__Raw data__:
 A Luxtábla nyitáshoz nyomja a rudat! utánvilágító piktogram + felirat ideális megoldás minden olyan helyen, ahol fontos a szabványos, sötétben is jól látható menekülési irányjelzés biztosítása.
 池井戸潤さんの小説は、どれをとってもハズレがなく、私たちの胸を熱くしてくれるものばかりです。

==

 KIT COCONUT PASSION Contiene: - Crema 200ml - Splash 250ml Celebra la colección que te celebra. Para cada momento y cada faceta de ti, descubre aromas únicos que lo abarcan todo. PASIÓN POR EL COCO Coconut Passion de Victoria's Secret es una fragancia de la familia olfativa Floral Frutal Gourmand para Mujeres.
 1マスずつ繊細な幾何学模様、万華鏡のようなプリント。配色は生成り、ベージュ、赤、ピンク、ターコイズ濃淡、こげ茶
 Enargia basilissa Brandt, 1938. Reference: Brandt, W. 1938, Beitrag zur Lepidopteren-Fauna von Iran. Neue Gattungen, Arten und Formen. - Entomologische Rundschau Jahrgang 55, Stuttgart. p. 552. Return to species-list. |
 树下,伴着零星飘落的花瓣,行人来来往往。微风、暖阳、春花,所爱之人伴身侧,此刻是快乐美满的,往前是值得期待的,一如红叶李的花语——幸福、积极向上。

__What you have to do__: Find the line with "Enargia basilissa Brandt, 1938." in the entries above. Retype it and each line after it, exactly, through the line with "树下,伴着零星飘落的花瓣,行", and stop there.

__Expected answer__:
 Enargia basilissa Brandt, 1938. Reference: Brandt, W. 1938, Beitrag zur Lepidopteren-Fauna von Iran. Neue Gattungen, Arten und Formen. - Entomologische Rundschau Jahrgang 55, Stuttgart. p. 552. Return to species-list. |
 树下,伴着零星飘落的花瓣,行人来来往往。微风、暖阳、春花,所爱之人伴身侧,此刻是快乐美满的,往前是值得期待的,一如红叶李的花语——幸福、积极向上。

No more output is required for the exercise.